Information supplied:

%%

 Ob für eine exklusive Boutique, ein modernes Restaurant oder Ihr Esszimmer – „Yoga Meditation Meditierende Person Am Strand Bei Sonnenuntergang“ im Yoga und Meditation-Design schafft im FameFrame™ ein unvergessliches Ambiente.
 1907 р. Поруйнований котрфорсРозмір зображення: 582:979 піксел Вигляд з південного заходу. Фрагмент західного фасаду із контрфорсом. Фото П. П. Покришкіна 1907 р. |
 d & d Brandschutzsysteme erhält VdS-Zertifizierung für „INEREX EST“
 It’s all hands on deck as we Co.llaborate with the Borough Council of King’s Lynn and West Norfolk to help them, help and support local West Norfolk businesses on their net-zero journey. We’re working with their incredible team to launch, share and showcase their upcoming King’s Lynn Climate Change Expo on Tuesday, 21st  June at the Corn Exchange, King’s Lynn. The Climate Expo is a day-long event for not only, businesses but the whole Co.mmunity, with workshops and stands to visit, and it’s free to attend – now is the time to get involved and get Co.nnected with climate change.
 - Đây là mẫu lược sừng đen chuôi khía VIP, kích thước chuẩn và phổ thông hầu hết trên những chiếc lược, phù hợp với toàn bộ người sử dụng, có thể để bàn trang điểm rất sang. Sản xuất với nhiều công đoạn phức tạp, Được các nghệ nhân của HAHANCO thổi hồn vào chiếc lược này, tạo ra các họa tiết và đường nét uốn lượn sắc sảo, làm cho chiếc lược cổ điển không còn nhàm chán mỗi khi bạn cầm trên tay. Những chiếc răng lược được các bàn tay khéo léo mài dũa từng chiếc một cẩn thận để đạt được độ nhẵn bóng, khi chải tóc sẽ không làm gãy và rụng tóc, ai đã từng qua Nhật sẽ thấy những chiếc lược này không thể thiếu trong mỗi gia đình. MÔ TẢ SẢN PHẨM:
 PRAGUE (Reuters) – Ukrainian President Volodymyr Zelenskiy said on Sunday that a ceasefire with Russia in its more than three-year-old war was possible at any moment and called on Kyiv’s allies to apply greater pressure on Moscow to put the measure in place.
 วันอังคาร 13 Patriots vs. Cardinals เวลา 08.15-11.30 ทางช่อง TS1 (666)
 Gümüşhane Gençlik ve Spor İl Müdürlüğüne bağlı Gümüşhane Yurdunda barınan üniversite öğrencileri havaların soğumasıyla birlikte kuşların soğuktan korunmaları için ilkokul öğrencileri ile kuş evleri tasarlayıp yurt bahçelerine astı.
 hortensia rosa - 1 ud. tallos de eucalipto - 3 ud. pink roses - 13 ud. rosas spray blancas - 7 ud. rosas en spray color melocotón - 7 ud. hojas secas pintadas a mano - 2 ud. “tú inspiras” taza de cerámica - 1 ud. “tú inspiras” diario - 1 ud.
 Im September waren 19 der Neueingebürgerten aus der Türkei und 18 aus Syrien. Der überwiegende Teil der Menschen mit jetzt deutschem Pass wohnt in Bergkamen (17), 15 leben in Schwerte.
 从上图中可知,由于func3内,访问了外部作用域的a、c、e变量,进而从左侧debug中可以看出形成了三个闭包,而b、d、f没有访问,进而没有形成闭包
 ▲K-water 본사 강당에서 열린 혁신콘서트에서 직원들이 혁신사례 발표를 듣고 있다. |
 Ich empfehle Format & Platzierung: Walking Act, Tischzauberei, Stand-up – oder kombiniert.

%%

Activity:
Filter the listing above down to the lines that contain the word "oder".

Written solution:
 Ob für eine exklusive Boutique, ein modernes Restaurant oder Ihr Esszimmer – „Yoga Meditation Meditierende Person Am Strand Bei Sonnenuntergang“ im Yoga und Meditation-Design schafft im FameFrame™ ein unvergessliches Ambiente.
 Ich empfehle Format & Platzierung: Walking Act, Tischzauberei, Stand-up – oder kombiniert.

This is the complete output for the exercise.